Chinese RCs are head-final in contrast to English/Italian head-initial RCs. As exemplified in (2), taken from Hsiao and Gibson (2003), the RC precedes the relativizer de and the head noun (hereinafter HN). Subject RCs (2a) have the verb–object–subject (VOS) word order, with the HN located in the final position, while object RCs (2b) have the SVO word order, which is canonical in Chinese. This feature potentially makes the object RC temporarily ambiguous during processing, as the subject–verb (SV) order can be misanalysed as part of main clauses (Lin and Bever, 2011).
(2) a. [ _i yāoqǐng fùháo de] guānyuáni (Subject RCs) invite ycoon REL official ‘the official that invited the tycoon’
b. [fùháo yāoqǐng _i de] guānyuáni (Object RCs) tycoon invite REL official ‘the official that the tycoon invited’
Cross-linguistically, head-final RCs are extremely rare in verb–object (VO) languages, with relevant exceptions such as Chinese, Wu and Cantonese (Dryer, 2013; Hu et al., 2018). The typological uniqueness of Chinese RCs gives us an opportunity to tease apart the predictions of different theories. In the present article, we focus on two influential versions of the memory-based theories, namely, the DLT and the SDH, because both theories deal with filler–gap dependencies, but provide different predictions with respect to the processing of head-initial and head-final RCs. The DLT focuses on the linear distance between the filler and the gap (e.g. counting new referents intervening between them), while the SDH focuses on the hierarchical (structural) distance (e.g. counting the number of intervening structural nodes inside the filler–gap dependency). 1 The two theories predict a subject RC preference in the processing of head-initial RCs (e.g. English and Italian RCs), because of more referents and more structural nodes between the filler–gap dependencies in object RCs than in subject RCs. However, the predictions of the two theories diverge when it comes to Chinese RC processing: The DLT predicts that readers should have more difficulty when processing Chinese subject RCs, as the linear distance between the gap and the filler is greater in subject RCs (because of a new intervening referent) (2a) than in object RCs (2b).

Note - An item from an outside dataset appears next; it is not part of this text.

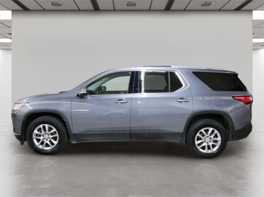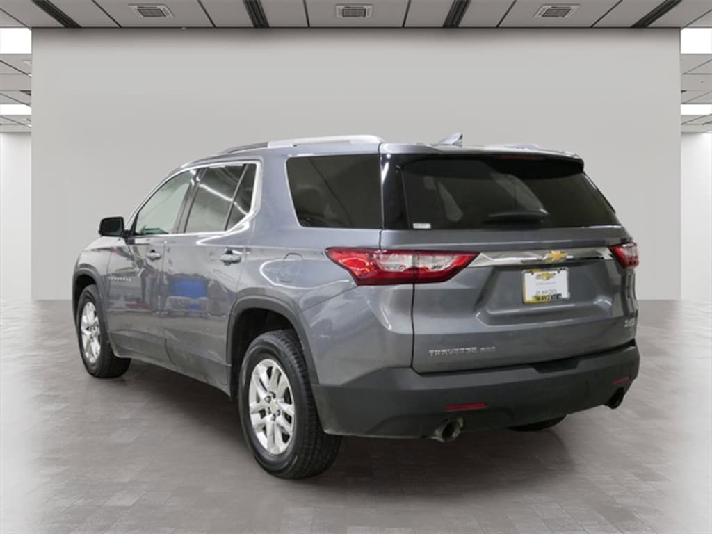 This Traverse is well equipped with Preferred Equipment Group 1LT, Trailering Equipment (Heavy-Duty Cooling System), Floor Liner Package (LPO) (1st & 2nd Row All-Weather Floor Liner (LPO) and 3rd Row All-Weather Floor Liner (LPO)), Front License Plate Bracket Mounting Package, AWD, 7-Passenger Seating (2-2-3 Seating Configuration), Apple CarPlay/Android Auto, Power Liftgate, 3.49 Axle Ratio, 3rd row seats: split-bench, 4-Wheel Disc Brakes, 6 Speakers, ABS brakes, Air Conditioning, Alloy wheels, AM/FM radio: SiriusXM, Automatic temperature control, Brake assist, Bumpers: body-color, Compass, Delay-off headlights, Driver door bin, Driver vanity mirror, Dual front impact airbags, Dual front side impact airbags, Electronic Stability Control, Emergency communication system: OnStar Guidance, Exterior Parking Camera Rear, Four wheel independent suspension, Front anti-roll bar, Front Bucket Seats, Front Center Armrest, Front dual zone A/C, Front fog lights, Front reading lights, Fully automatic headlights, Garage door transmitter, Heated door mirrors, Heated front seats, High-Intensity Discharge Headlights, Illuminated entry, Low tire pressure warning, Occupant sensing airbag, Outside temperature display, Overhead airbag, Overhead console, Panic alarm, Passenger door bin, Passenger vanity mirror, Power door mirrors, Power driver seat, Power steering, Power windows, Premium Cloth Seat Trim, Radio data system, Radio: Chevrolet MyLink AM/FM Stereo w/8" Screen, Rear air conditioning, Rear anti-roll bar, Rear reading lights, Rear window defroster, Rear window wiper, Remote keyless entry, Roof rack: rails only, Security system, SiriusXM Satellite Radio, Speed control, Speed-sensing steering, Spoiler, Steering wheel mounted audio controls, Tachometer, Telescoping steering wheel, Tilt steering wheel, Traction control, Trip computer, Turn signal indicator mirrors, Variably intermittent wipers, Voltmeter, and Wheels: 18" Bright Silver Machined Painted Alum.

In contrast, the SDH predicts that readers should have more difficulty when processing Chinese object RCs, as the hierarchical (structural) distance between the gap and the filler is greater in object RCs (because of intervening structural nodes) (2b) than in subject RCs (2a).
Another important factor related to RC processing is the presence of appropriate discourse contexts preceding the RCs. Lin (2014, 2015) observed that the comprehension of Chinese RCs is sensitive to the thematic order consistency between RCs and the preceding discourse context. For instance, Lin (2014) manipulated the orders of thematic roles in the preceding discourse context and found that a passive sentence with the PATIENT-action-AGENT order in the preceding context did not facilitate the comprehension of a subject RC with the action-PATIENT-AGENT order nor that of an object RC with the AGENT-action-PATIENT order. However, a canonical SVO sentence in the preceding context facilitated the comprehension of an object RC, since it has full thematic order overlap with the SVO sentence. The role of the preceding context has also been discussed in a cross-linguistic perspective (e.g. Mak et al., 2008; Roland et al., 2012) and the results show that the difficulty in processing object RCs with full NPs was reduced when the embedded NP referred to a discourse topic.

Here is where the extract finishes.